I did, and I'm not an example to follow; simply, I didn't believe I had any other choice, and over time, this prolonged non-relationship created a misery for everyone concerned.
TW: alcoholism, suicide risks, disability
Some background: I'm a migrant and autistic, my XW has serious mental health issues dating back since before we married which she self-medicated with alcohol throughout our marriage.
When our DDs were very young she told me if I left I would never seen then again. Sometimes these things can be said in anger and be resolved, or forgotten. In my case, not having a family network in the UK, knowing my XW very much relied on her mother and the force she could be to defend even her daughter's worst behaviours, I took it very seriously. I estimated a British judge would never trust young daughters to a foreign dad over a British mum, and froze my feelings and behaviours. Some moments were better than others but I prioritised being present with my daughters and countering the pain caused by their mum's alcoholism, her threats of suicide since their toddler years, her choices of house to buy followed by refusals to move, her quitting within days of finding work...

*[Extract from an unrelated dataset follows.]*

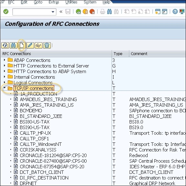 Navigate to Transaction SM59 -> Expand TCP/IP connections directory and click on Create (F8).
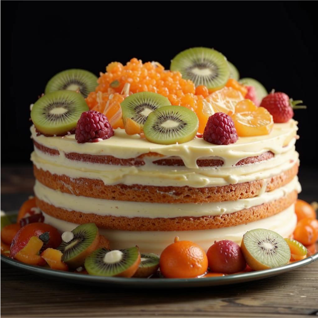 Калорийность: 283 ккал Ингредиенты для теста: · Сметана - 200 г · Маргарин - 100 г · Сода - 1/2 ч.л. · Сахар - 1/2 стакана · Мука - 2-2,5 стакана Ингредиенты для крема: · Сметана (20-25% жирности) - 250-300 г · Сахар - 100-150 г Ингредиенты для начинки: · Мандарины - 2 шт. · Киви - 1 шт. · Ананасы консервированные - 150 г · Или другие фрукты по вкусу Приготовление: 1. Для теста взбейте размягченный маргарин с сахаром, добавьте сметану. 2. Всыпьте муку с содой (соду можно не гасить, так как сметана погасит её сама). 3. Замесите эластичное тесто и разделите его на 4 части. 4. Каждую часть раскатайте в лепешку толщиной 1-1,5 см. 5. Выпекайте в разогретой до 200°C духовке около 10 минут. 6. Для крема взбейте жирную сметану с сахаром до пышности. 7. Когда коржи остынут, начинайте сборку торта: · На первый корж нанесите сметанный крем · Выложите слой мандаринов · Покройте кремом · Накройте вторым коржом · Повторите слои: крем, ананасы, крем 8. Продолжайте

Eventually my DDs were in their teens, both diagnosed autistic, both traumatised by all this, and my career still, miraculously, precariously afloat. It was time to reconsider separation - more painful after so long, but at last they were old enough to be heard - if they spoke through autism and trauma. Then the serious trouble began. I took 5 years through cancer, covid, more suicide attempts and the death of both my XW's parents, before separation became a possibility again.
Result: 20 years of trauma for my daughters since their young years, and a far worse separation including for my XW.
It's up to you hopefully when the disruption happens. You know also your circumstances - and what moving etc would entail and how long it would take. But as a colleague told me, encouraging me: how long will it be before you start living your life? I think many mumsnetters would agree with that.